L’influence de la matérialité du texte sur son interprétation reste donc en marge. Depuis, Emmanuël Souchier a montré, à travers le concept d’énonciation éditoriale, la relation étroite qu’entretiennent le texte et l’« image du texte » et invite à considérer

« le texte à travers sa matérialité (couverture, format, papier…), sa mise en page, sa typographie ou son illustration, ses marques éditoriales variées (auteur, titre ou éditeur), sans parler des marques légales et marchandes (ISBN, prix ou copyright)…, bref à travers tous ces éléments observables qui, non contents d’accompagner le texte, le font exister » (Souchier, 1998 : 139).

Conclusion du deuxième chapitre

Le processus d’assignation du statut de l’objet décrit par Searle permet de comprendre pourquoi et comment un objet matériel peut supporter une fonction de signification, une fonction-statut, et comment cette fonction-statut peut changer ou être multiple. Ce processus repose sur le principe selon lequel la signification de l’objet ne lui est pas intrinsèque mais lui est imposée de l’extérieur. Le contexte, c’est-à-dire à la fois les agents décideurs, les agents de la communauté et les marqueurs du statut, devient alors déterminant dans cette assignation.
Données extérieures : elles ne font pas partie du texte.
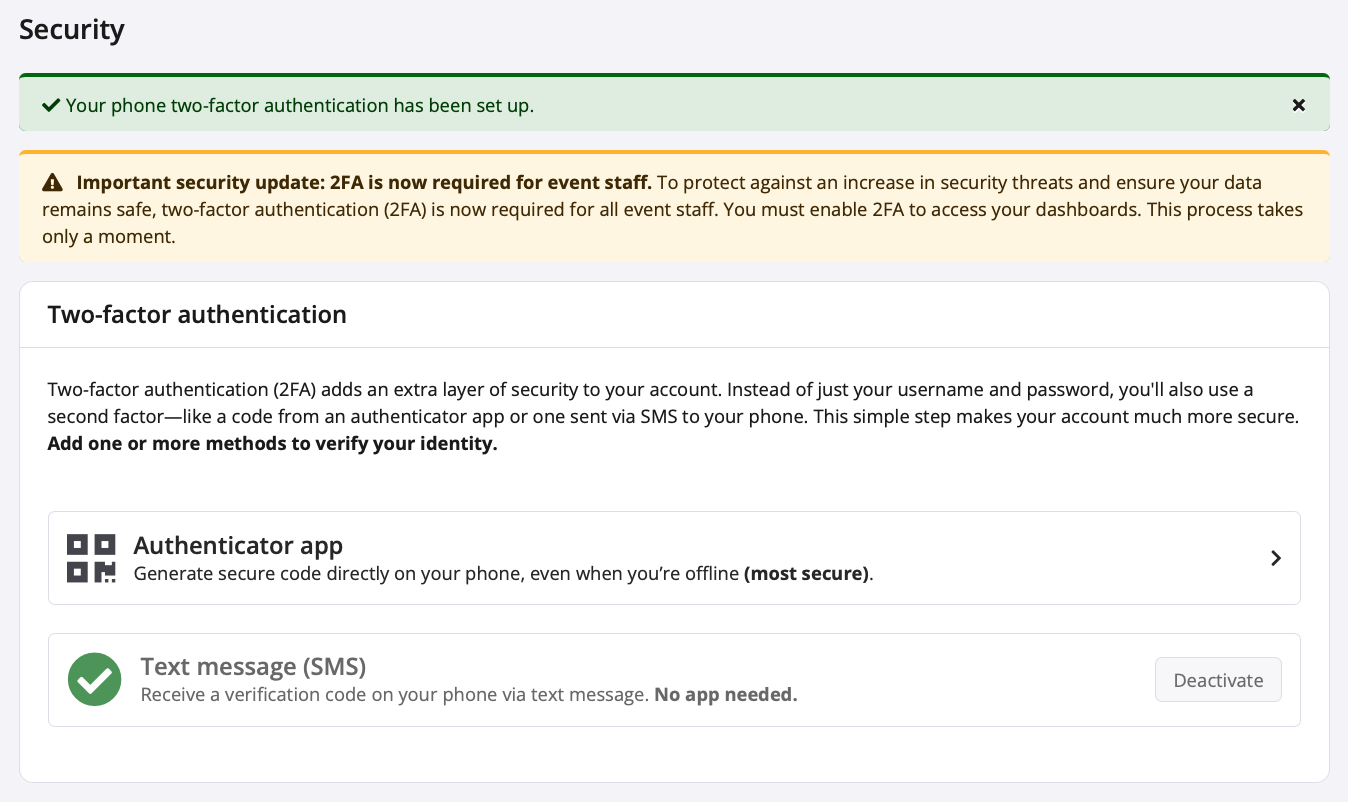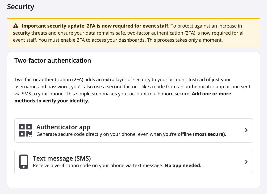 Enabling Two-Factor Authentication (2FA) - Participants and Fundraisers

Si on les rapproche du processus décrit par Searle, les recherches dédiées à la signification de l’objet ne considèrent souvent qu’une partie du contexte, en mettant en avant soit le rôle des agents décideurs, soit celui des agents de la communauté, soit celui des marqueurs dans l’assignation du statut des objets, autrement dit dans l’imposition d’une fonction de signification. Le processus décrit par Searle constitue donc le meilleur moyen pour décrire et comprendre l’imposition d’une fonction de signification – et donc l’assignation d’un statut – à un objet, l’objet conservé au musée faisant partie des objets soumis au processus d’assignation du statut qui ont exclusivement pour fonction de signifier. Pour interroger le statut de l’objet extra-occidental, et dans la mesure où reconnaître qu’un objet a pour fonction de signifier ne suffit pas à interpréter le statut qui lui est imposé, nous allons donc analyser les différents contextes dans lesquels les objets extra-occidentaux ont eu pour fonction de signifier dans le monde occidental jusqu’à aujourd’hui.

CHAPITRE 3

LES OBJETS DE MUSÉE CONSERVÉS PAR LE MUSÉE DU QUAI BRANLY SONT-ILS DES OBJETS DE PATRIMOINE ?

Il est désormais clair que nous reconnaissons à l’ensemble des objets, au sens le plus large du terme, c’est-à-dire en tant qu’« élément du monde extérieur fabriqué par l’homme » (Moles, 1969 : 5), la propriété de signifier. Nous voudrions maintenant attirer l’attention sur ceux conservés dans les musées. Ils occupent une place à part parmi les objets dans la mesure où ils ne naissent pas objets de musée, ils n’ont pas été fabriqués comme tels33 : ils le deviennent. Comme le souligne Davallon « les objets sont ou deviennent “objets de musée”

parce qu’il en est décidé ainsi à un moment ou à un autre par une instance ou une personne fondée à le faire. […] Les objets de musée sont des objets de musée parce que reconnus définis, traités comme tels » (1999 : 234). Autrement dit, un objet devient un objet de musée parce que les agents légitimes lui imposent ce statut selon certaines modalités, ce statut étant reconnu collectivement. Cela signifie que tout objet est susceptible, a priori, de devenir un objet de musée, à condition que l’intentionnalité des agents, en l’occurrence de l’institution muséale, qui, selon Davallon « “dit” ce que sont les objets » (Ibid. : 235), aille dans ce sens.

On peut alors s’interroger sur les conditions et les effets de cette déclaration, de cette assignation du statut d’objet de musée et sur ce qu’elle modifie de la fonction de l’objet.